António Gedeão, pseudónimo de Rómulo de Carvalho:

Físico, poeta, professor, investigador.....

Os seus poemas reflectem esse encontro caloroso da Ciência e da Poesia:



Poema para Galileo


Estou olhando o teu retrato, meu velho pisano,
aquele teu retrato que toda a gente conhece,
em que a tua bela cabeça desabrocha e floresce
sobre um modesto cabeção de pano.
Aquele retrato da Galeria dos Ofícios da tua velha Florença.
(Não, não, Galileo! Eu não disse Santo Ofício.
Disse Galeria dos Ofícios.)
Aquele retrato da Galeria dos Ofícios da requintada Florença.

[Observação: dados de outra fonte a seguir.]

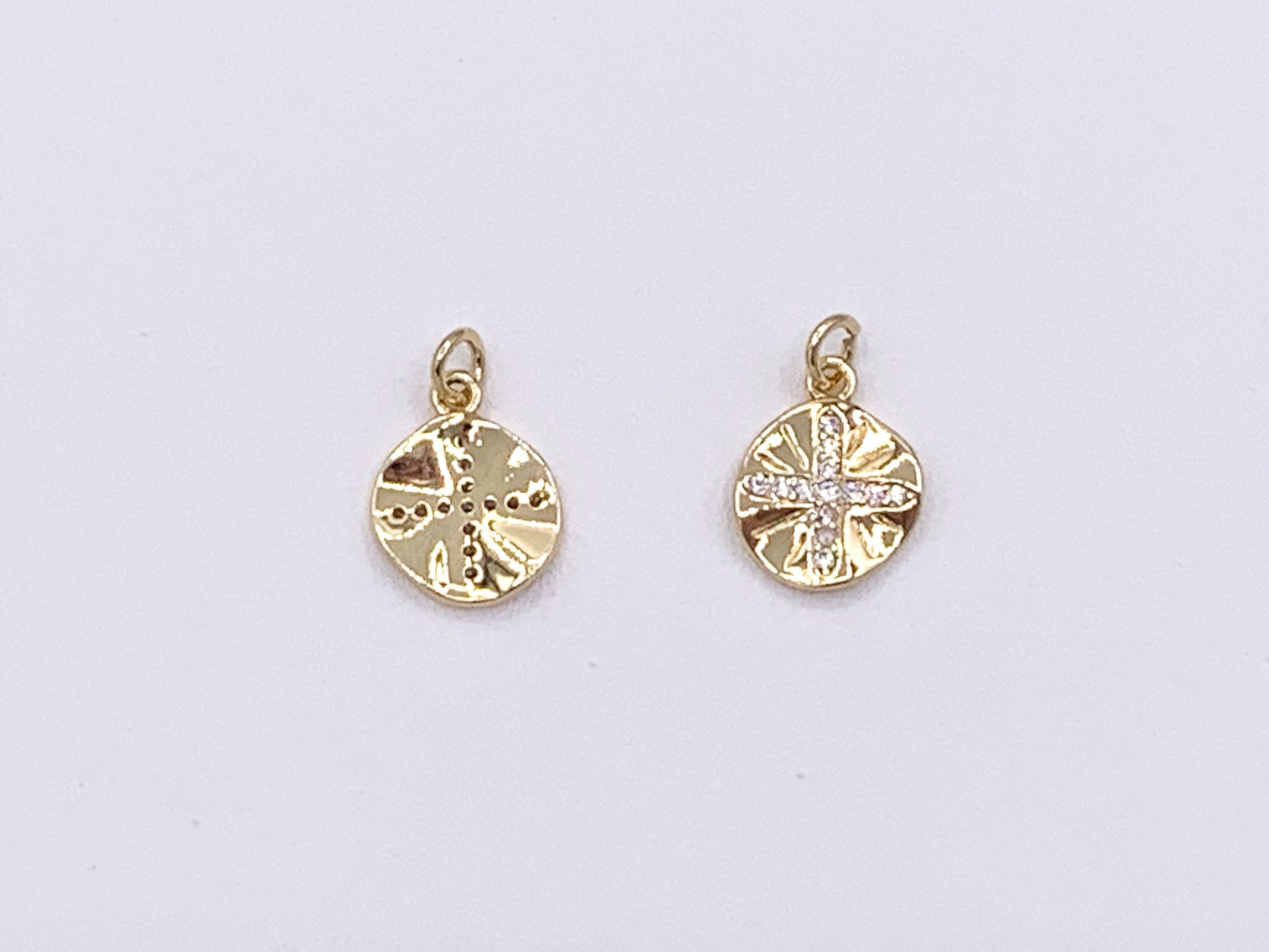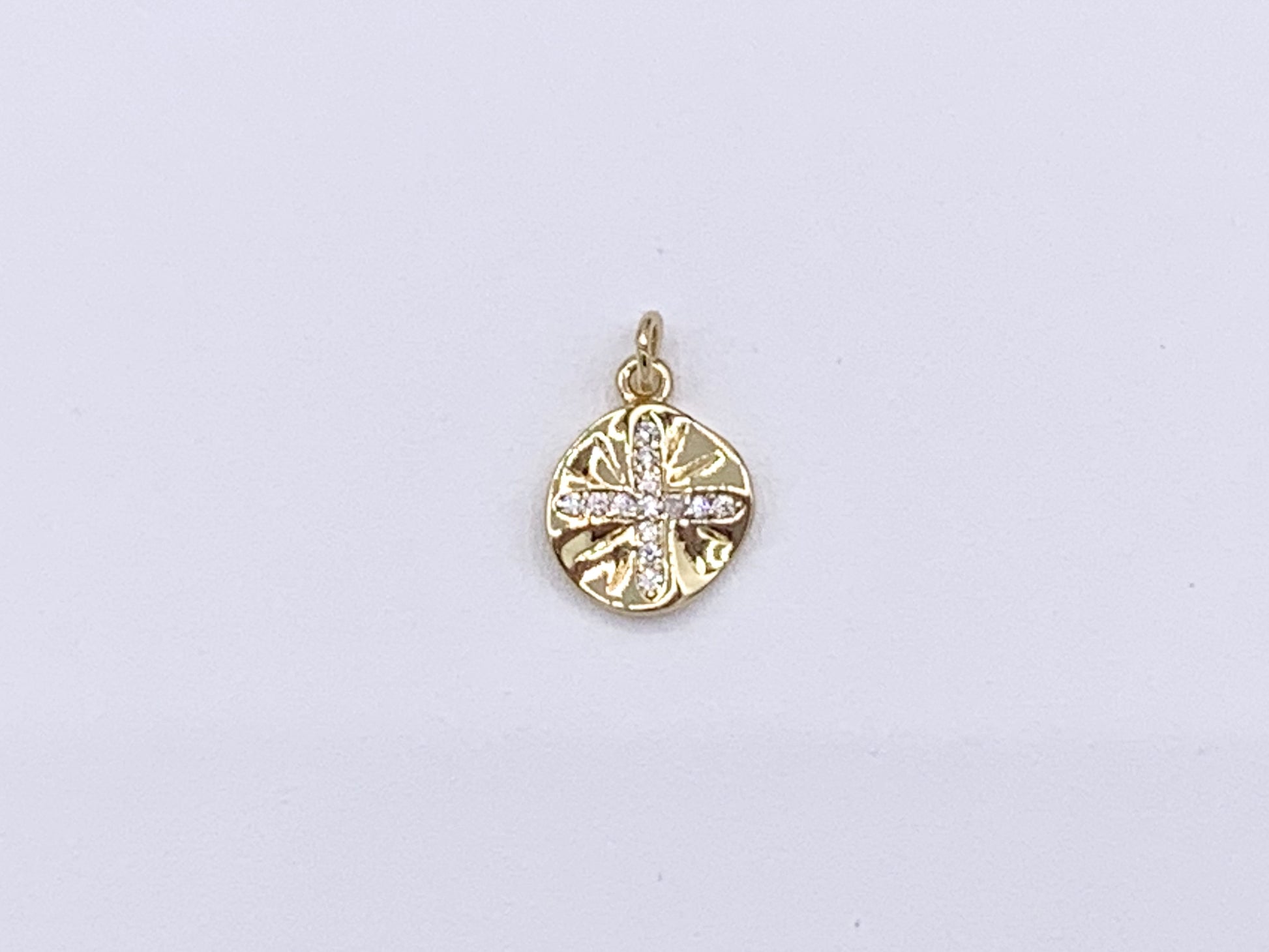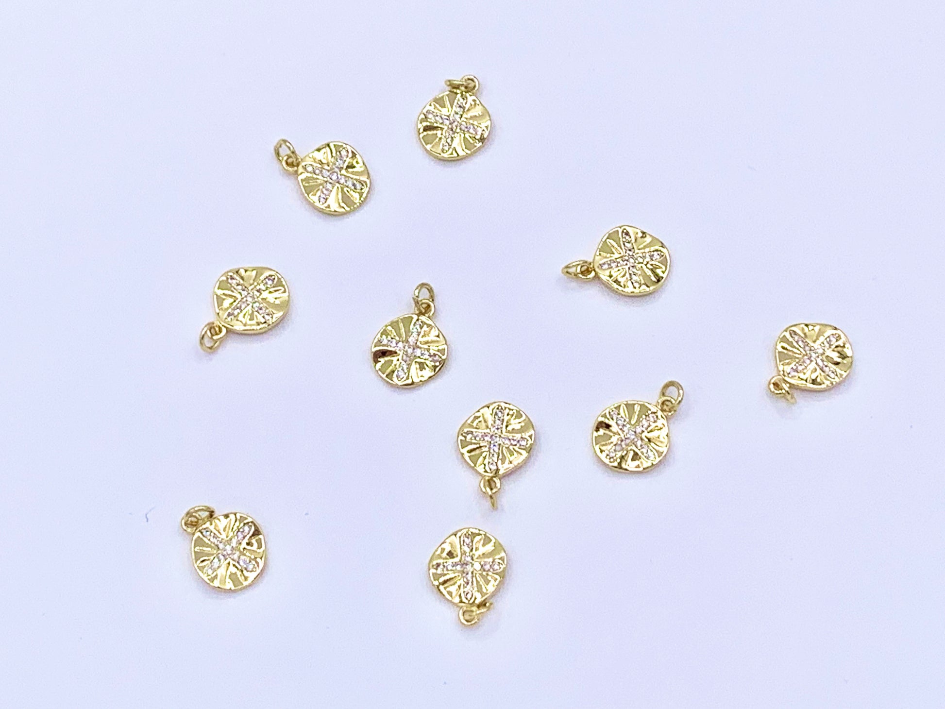 Cute Wavy Cross Coin Charms in CZ Pave plated in 18K Gold Copper Base. These charms can be wonderful made into bracelets, dainty necklaces, earring drops and even used for crafts.

Lembras-te? A Ponte Vecchio, a Loggia, a Piazza della Signoria…
Eu sei… eu sei…
As margens doces do Arno às horas pardas da melancolia.
Ai que saudade, Galileo Galilei!
(...)

Eu queria agradecer-te, Galileo,
a inteligência das coisas que me deste.
Eu,
e quantos milhões de homens como eu
a quem tu esclareceste,
ia jurar- que disparate, Galileo!
- e jurava a pés juntos e apostava a cabeça
sem a menor hesitação-
que os corpos caem tanto mais depressa
quanto mais pesados são.

Pois não é evidente, Galileo?
Quem acredita que um penedo caia
com a mesma rapidez que um botão de camisa ou que um seixo da praia?
Esta era a inteligência que Deus nos deu.
(...)


Ai Galileo!
Mal sabem os teus doutos juízes, grandes senhores deste pequeno mundo
que assim mesmo, empertigados nos seus cadeirões de braços,
andavam a correr e a rolar pelos espaços
à razão de trinta quilómetros por segundo.
Tu é que sabias, Galileo Galilei.
(...)

Por isso estoicamente, mansamente,
resististe a todas as torturas,
a todas as angústias, a todos os contratempos,
enquanto eles, do alto inacessível das suas alturas,
foram caindo,
caindo,
caindo,
caindo,
caindo sempre,
e sempre,
ininterruptamente,
na razão directa do quadrado dos tempos.